Canadian journalist and historian

James Frederick Church Wright (1904–1970) was a Canadian journalist and historian, who won the Governor General's Award for English-language non-fiction at the 1940 Governor General's Awards for Slava Bohu, a historical account of Canada's Doukhobor community.

Born in Wiltshire, England in 1904 to Canadian parents who were travelling there, he was raised in Minnedosa, Manitoba. He held a variety of jobs before joining the Saskatoon Star-Phoenix as a journalist, remaining there for seven years. At the time of his Governor General's Award win, he was working in Ottawa, Ontario as a fireman, but later took a scriptwriting job with the National Film Board. He married Diana Kingsmill in 1944 while living in Ottawa, and the couple later moved back to Saskatoon.

Active in the Saskatchewan chapter of the Cooperative Commonwealth Federation, the Wrights became co-editors of Union Farmer, the newspaper of the Saskatchewan Farmers' Union, in 1950.

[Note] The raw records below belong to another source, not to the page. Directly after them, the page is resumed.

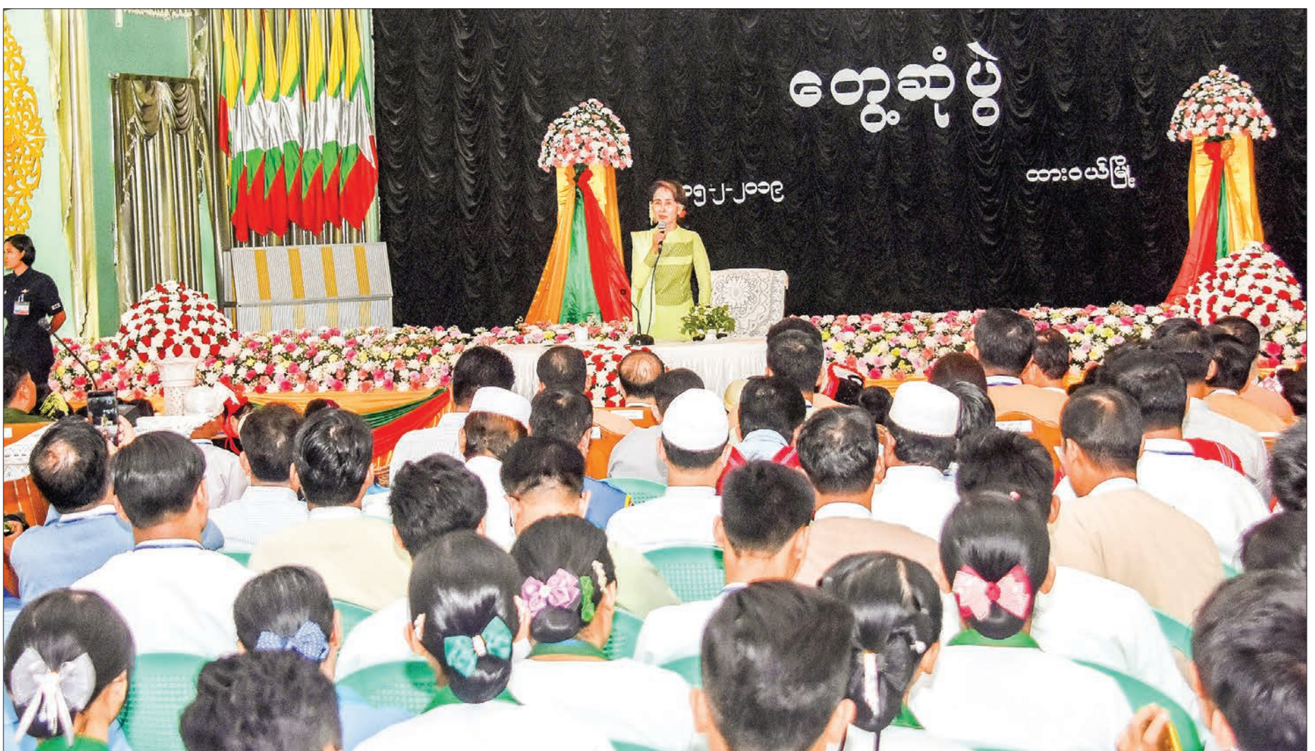
State Counsellor Daw Aung San Suu Kyi meets residents from Dawei District, Taninthayi Region, yesterday.

T HE Chairperson of the Central Committee for Development of Border Areas and National Races, State Counsellor Daw Aung San Suu Kyi who was in Kawthoung Town, Taninthayi Region visited Cape Bayint Naung in Kaw-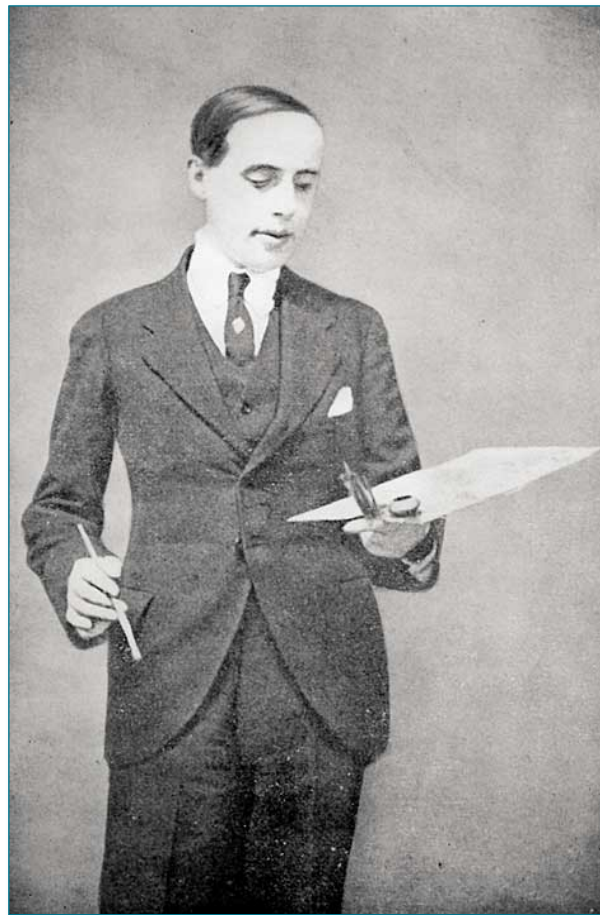
Einar Wegener, 1929.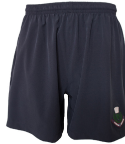
Sport Shorts Unisex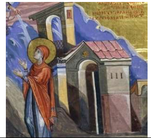
"Hannah, Prophetess and Mother of Samuel, Thanking God" from Art in the Christian Tradition, a project of the Vanderbilt Divinity Library, Nashville

Come, let us present ourselves before our God. Bring all your troubles and anxiety to God in prayer.

Wright's later books included All Clear, Canada! (1944), Co-operative Farming in Saskatchewan (1949), Saskatchewan's North (1953), Saskatchewan: The History of a Province (1955), Prairie Progress: Consumer Co-operation in Saskatchewan (1956) and The Louise Lucas Story: This Time Tomorrow (1965).

He committed suicide in 1970.
==Notes==
a. The non-standard Russian phrase "Slava Bohu" appears about 72 times in the text body. It should be Slava Bogu (Слава Богу : Praise be to God). On page v (Introduction), Wright did not explain that the Canadian Dukhobor dialect is adapted from southern Russian dialects which use the voiced velar fricative. Therefore, the word Bogu (Богу) is pronounced Bohu in Doukhoborese.